We upgraded PostgreSQL 12 → 17 and TimescaleDB 1.7.5 → 2.21.0.
No code changes, and no new indexes.
Result:
- Cold queries: ~41% faster
- Warm queries: ~63% faster
Table of contents
Open Table of contents
Why the upgrade
Originally this task of upgrading was in the backlog for over 2 years because it was deemed “low priority” at the time. What finally caused change was that since the PostgreSQL version was 12, it was now labeled as a security risk by the internal security team.
How we measured results
Since the project is using Django, we ended up using a pre-existing manage.py bench-marking script that did a
“good-enough” job of fetching important and related models that the company cared about.
For those who have done database bench-marking, know that this isn’t a “clean” bench-marking method (Python garbage collecting, Django ORM caching, network latency, etc can all affect results), but for this project it served as more than enough for our purposes.
Also we tried to circumvent as much noise as we could on the database server side by syncing/flushing OS cache, restarting the server between runs, etc.
Anyways, here are the actual numbers of the upgrade (multi-step):
| Name | PG 12 - 1.7.5 | PG 12 - 2.10.3 | PG 15 - 2.10.3 | PG 15 - 2.21.0 | PG 17 - 2.21.0 |
|---|---|---|---|---|---|
| Linear Warm | 8.42 | 6.17 | 3.14 | 3.30 | 3.14 |
| Linear Cold | 34.34 | 22.25 | 19.66 | 20.33 | 20.20 |
As you can see, we got most of our speed boost when we went from PG 12 with TimescaleDB 1.7.5 -> PG 15 TimescaleDB
2.10.3
The benchmark did include random cold/warm numbers, but since we didn’t have a way to properly test the randomness (aka a seed of some sort), the numbers are not as reliable so they are not shown here.
Multi-step upgrade process
For those readers who are curious why a multi-step happened, I will explain.
Our bottleneck for upgrading was TimescaleDB. The highest version we could go to was 2.10.3 without leaving PG 12.
Next we upgraded PG 12 -> PG 15 while keeping the same TimescaleDB version.
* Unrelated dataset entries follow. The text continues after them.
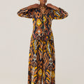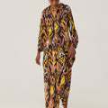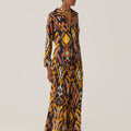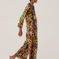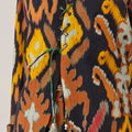 Pant- These wide-leg Pants are crafted from breathable cotton, making them perfect for warm weather and features SiSa's hand-painted striking sunset ikat print in earthy tones with a pop of orange against a sleek black base. The Pants feature pleats at the waistband, comfortable pockets and a soft elasticated back for a comfortable fit, making them easy to slip on and off. Ideal for a casual day out or a relaxed evening, these Pants combine comfort and style effortlessly.
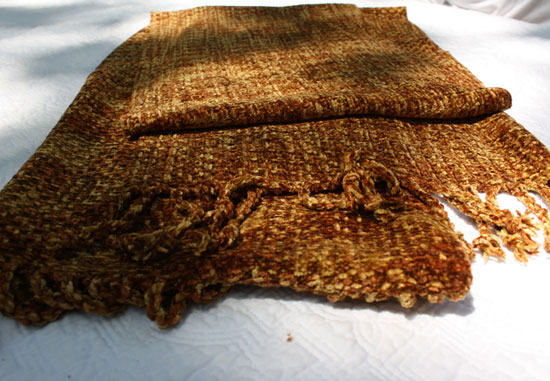 Ronnie found a pattern called Brighton so she wove this magnificent scarf in that structure.
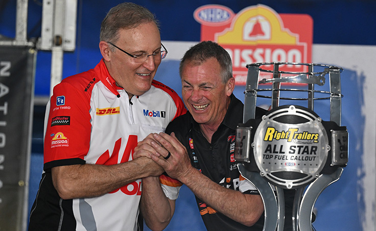 The field is set and the first-round matchups have been decided for Saturday’s Right Trailers Top Fuel All-Star Callout at the Amalie Motor Oil NHRA Gatornationals. The top three qualifiers for the yearlong program got to call out their fellow racers for the opening frame, and there were a few surprises and a lot of laughs and good-natured ribbing.
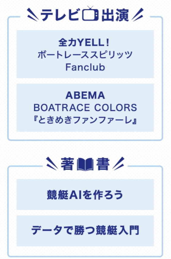 競艇博士ゆうじは自身の経歴について、テレビ番組、ウェブ番組(ABEMA)に出演していると説明しています。
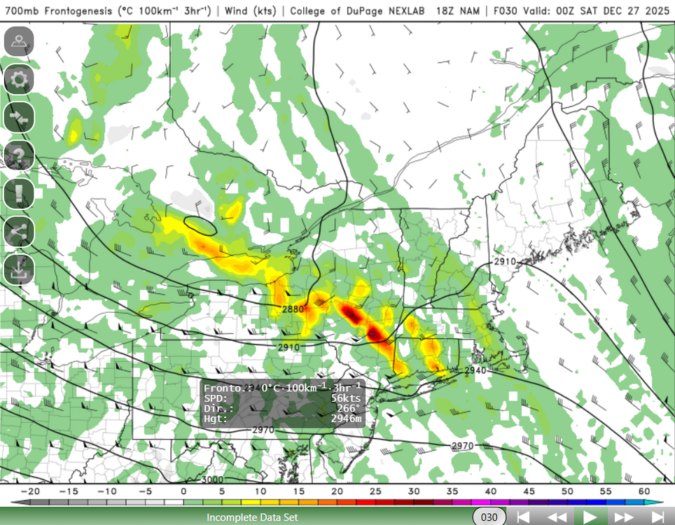 Kind of seems like dry air and some subsidence would be an issue on the NAM. This would be a verification mess. You would probably get some spots getting 4-6” and then some spots barely getting 1-2”…and probably within close proximity. But can’t really buy this yet or take any value from it. If the GFS/Euro hold serve this can probably be tossed. Wonder where RRFS will go -
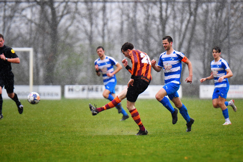 Het was zaterdagmiddag op sportpark de Overkant een compleet waterballet in de 1e helft. De regen kwam 10 minuten na aanvang van de wedstrijd met
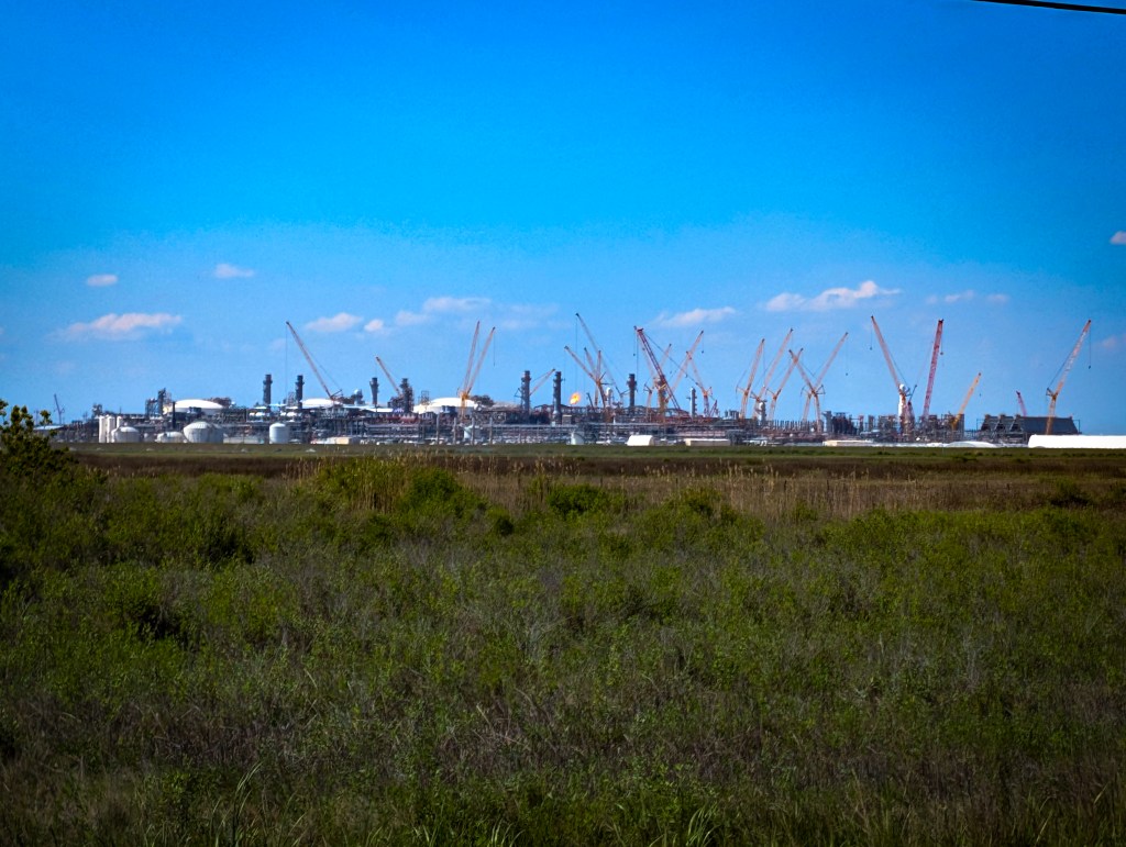 We took a detour to Port Arthur and Sea Rim State Park to officially say hello to the Gulf of Mexico. It was only an hour’s delay, but well worth the time. We expected to see the water, but despite knowing we were near the refineries, we didn’t realize we’d be driving straight through them.

Third we upgrade to 2.21.0 while being in
PG 15. Finally we upgrade PG 15 -> PG 17. And per each upgrade doing the benchmarks as we go (plus other house keeping)
So in the end, upgrade path looked like this:
- Upgrade TimescaleDB
1.7.5->2.10.3 - Upgrade PG 12 -> PG 15
- Upgrade TimescaleDB
2.10.3->2.21.0 - Upgrade PG 15 -> PG 17
Takeaway
Hopefully this post shows the upsides of upgrading your database (security patches + performance) and shows that you don’t need perfect instrumentation to create benchmarks as long as you are benchmarking the correct things (In this case what was most important was the fetching of models and their relations)
If you’re dealing with a slow Django/PostgreSQL system, this is usually one of the first things I look at - before touching queries, indexes, or caching.